Ich habe mal eine Frage zu einer Quest. Ich bin Bounty Hunter und muss im Weltraum die Black Sun finden. Ich habe das Schiff auch gefunden und mit "I" inspiziert. Nun soll ich U benutzen um zu docken. Aber das funktioniert nicht. Wenn ich U drücke dann kommt die Nachricht "Your request to dock has been denied" oder sowas in der art. Wie muss ich das den genau machen?

Viele Grüße,
KravenZ


----------



## shadhawk (14. Dezember 2008)

KravenZx schrieb:


> Ich habe mal eine Frage zu einer Quest. Ich bin Bounty Hunter und muss im Weltraum die Black Sun finden. Ich habe das Schiff auch gefunden und mit "I" inspiziert. Nun soll ich U benutzen um zu docken. Aber das funktioniert nicht. Wenn ich U drücke dann kommt die Nachricht "Your request to dock has been denied" oder sowas in der art. Wie muss ich das den genau machen?
> 
> Viele Grüße,
> KravenZ



Hi KravenZx.

Ich spiele auch gerade die trial und hab vorhin bei dieser Quest so meine Probleme gehabt. Hab dann aber doch noch herausgefunden wie es geht. 

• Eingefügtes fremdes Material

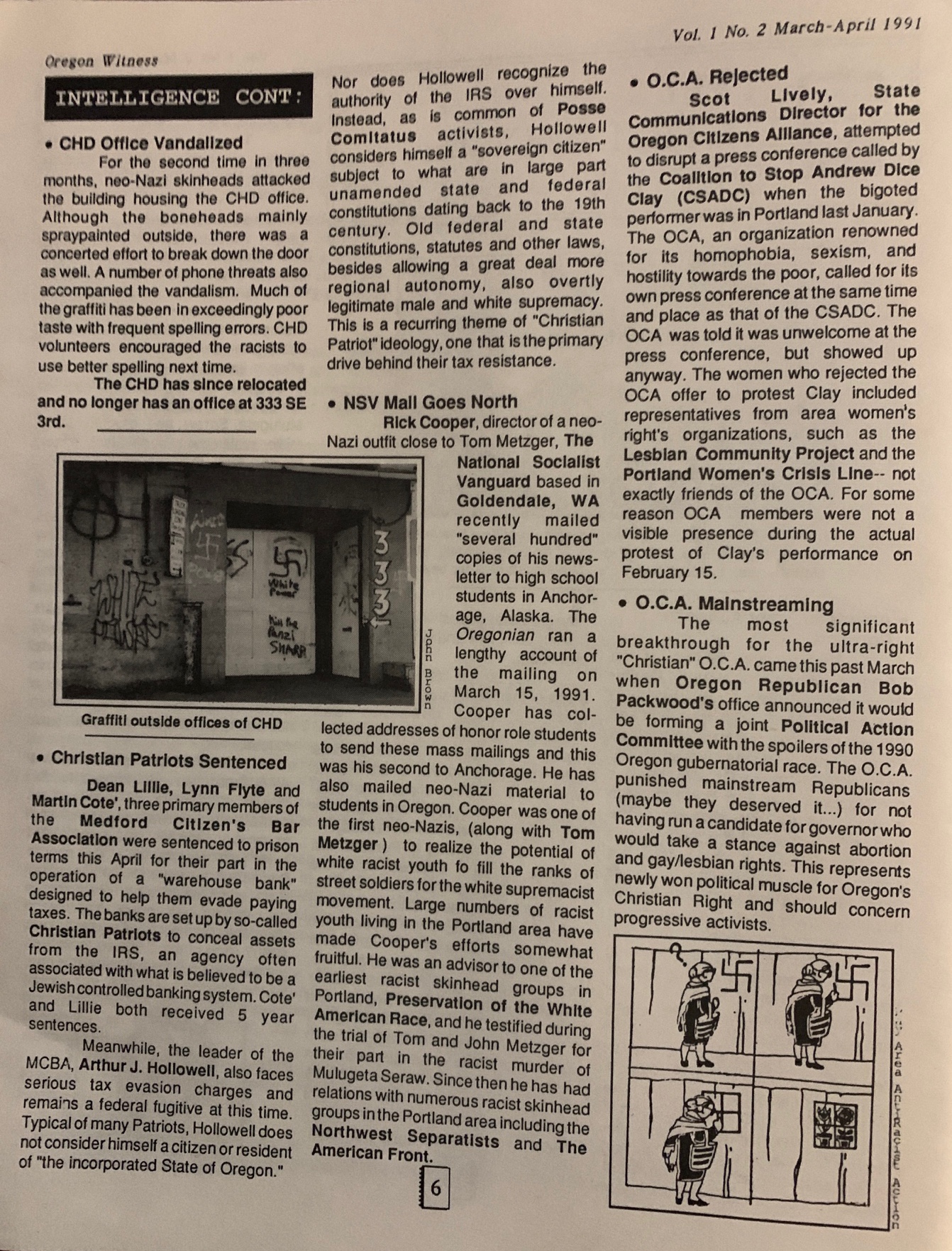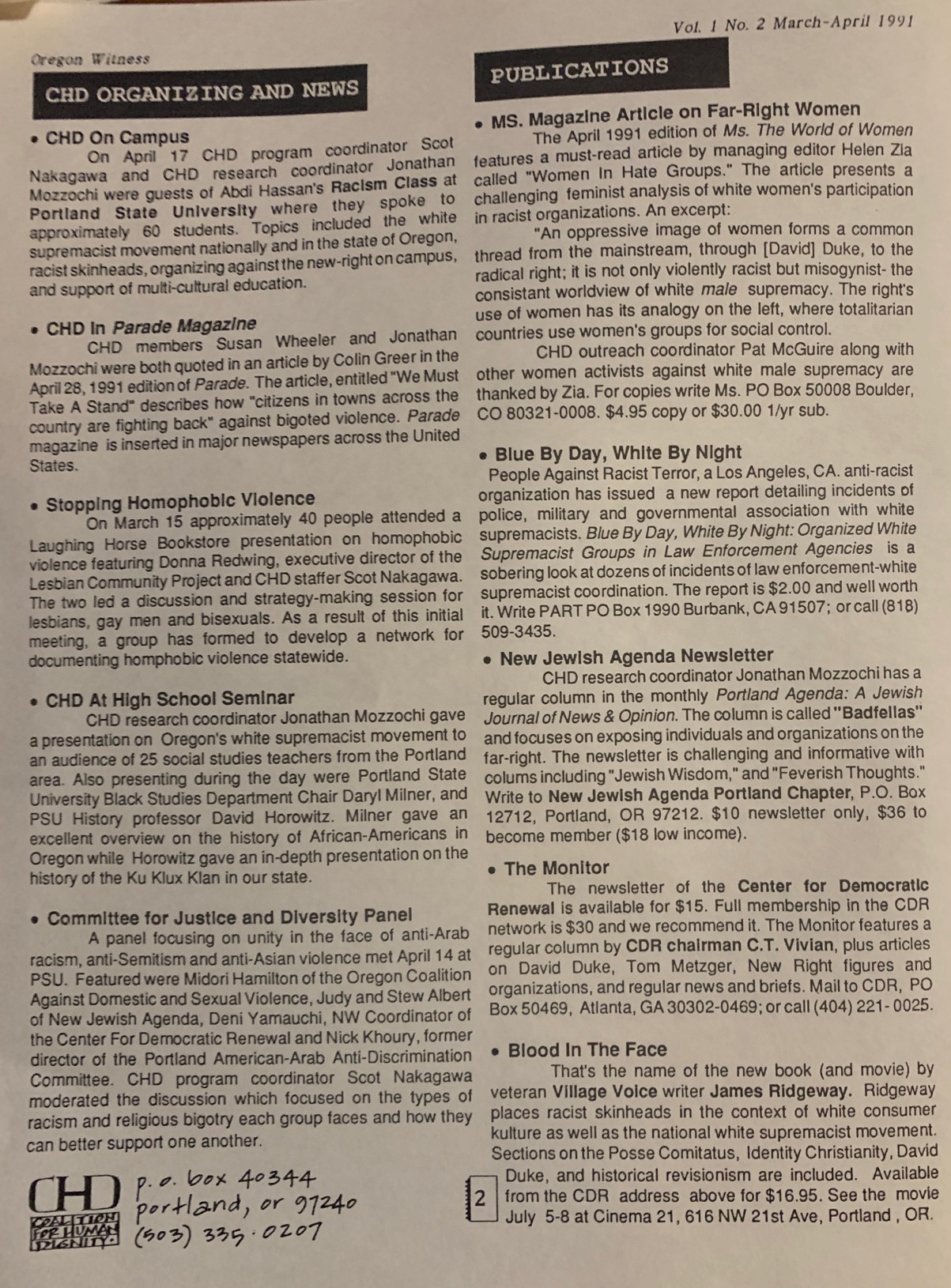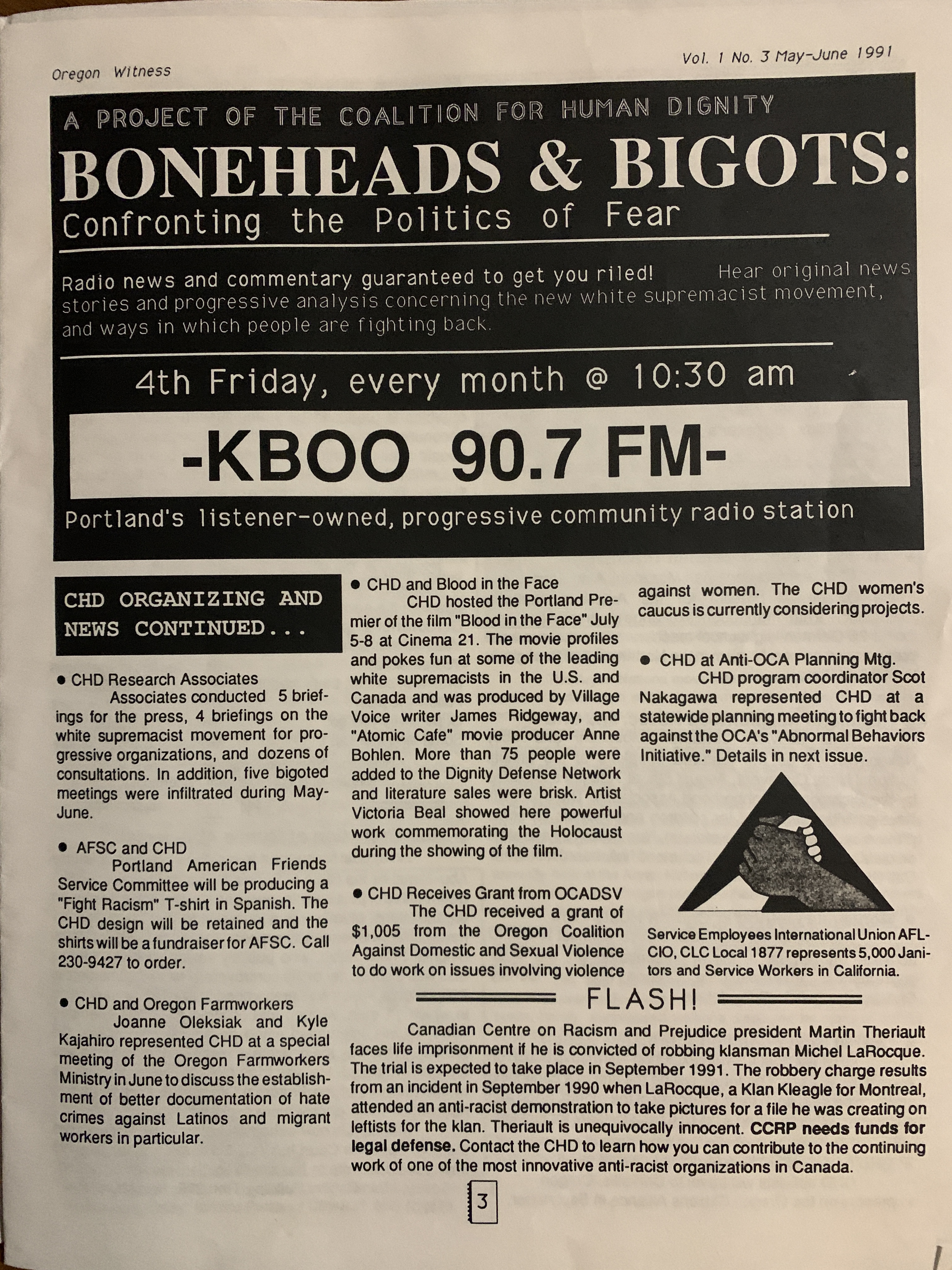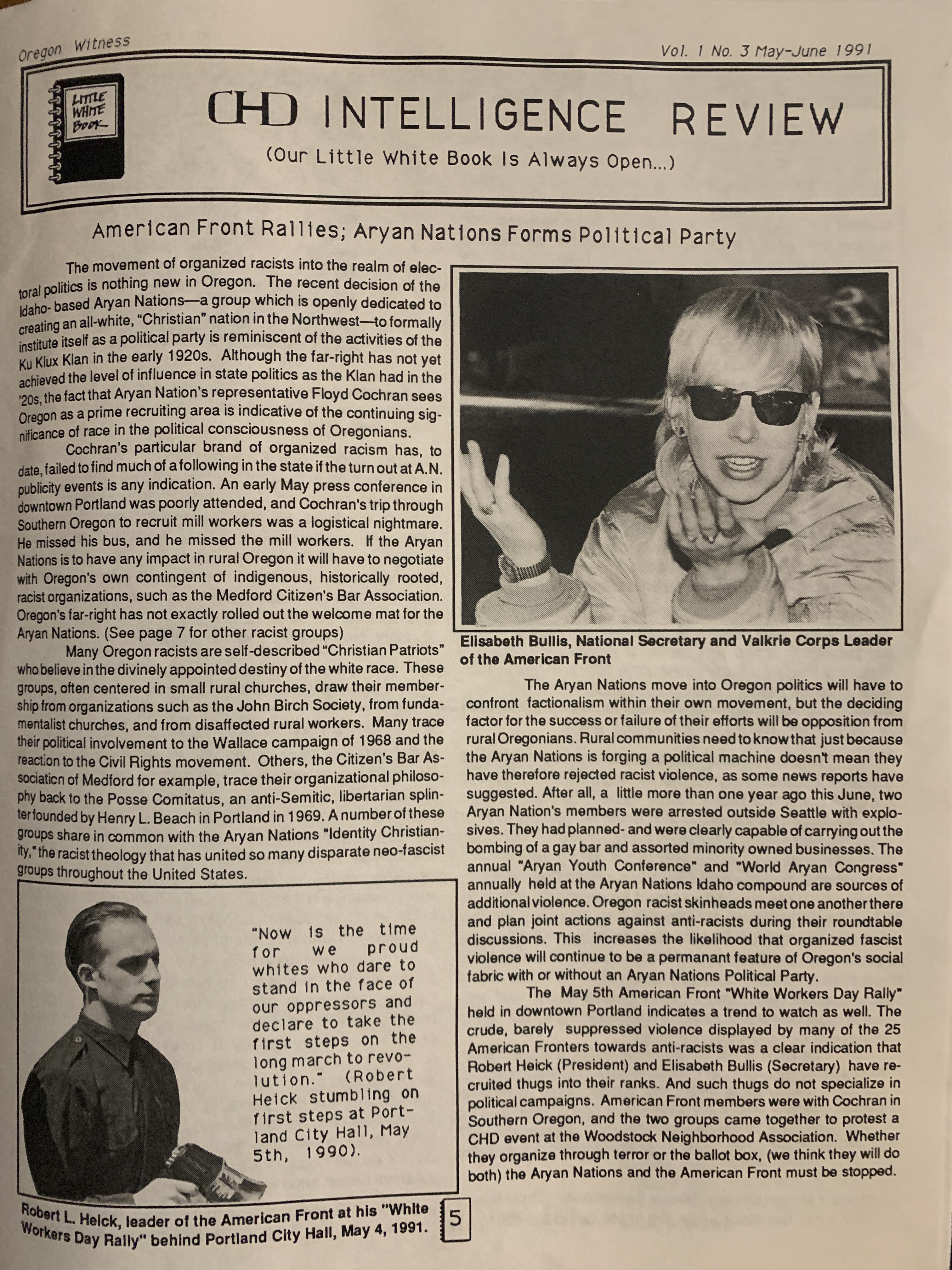 September, 1990–CHD releases “Organized White Supremacists in Oregon”

Du musst das Inspizierte Schiff abfeuern. Dann kannst du an das Wrack andocken.


----------



## Dagon1 (14. Dezember 2008)

KravenZx schrieb:


> Ich habe mal eine Frage zu einer Quest. Ich bin Bounty Hunter und muss im Weltraum die Black Sun finden. Ich habe das Schiff auch gefunden und mit "I" inspiziert. Nun soll ich U benutzen um zu docken. Aber das funktioniert nicht. Wenn ich U drücke dann kommt die Nachricht "Your request to dock has been denied" oder sowas in der art. Wie muss ich das den genau machen?
> 
> Viele Grüße,
> KravenZ



Man kann mit , glaube ich die ziele an schiffen durch wechseln. Du musst die Systems ins Visier nehmen wenn die auf 0 sind kannst du andocken.
Sollte die Taste net stimmen guck in der Tastenbelegung nach der richtigen Taste.


----------



## KravenZx (15. Dezember 2008)

Vielen Dank. Hat super geklappt 


			Dieser Inhalt steht nur eingeloggten Mitgliedern zur Verfügung.


----------



## Shortgnome (2. Januar 2009)

Hi! ich hab mir von gestern auf heute die Probeversion heruntergeladen und bin begeistert ,-)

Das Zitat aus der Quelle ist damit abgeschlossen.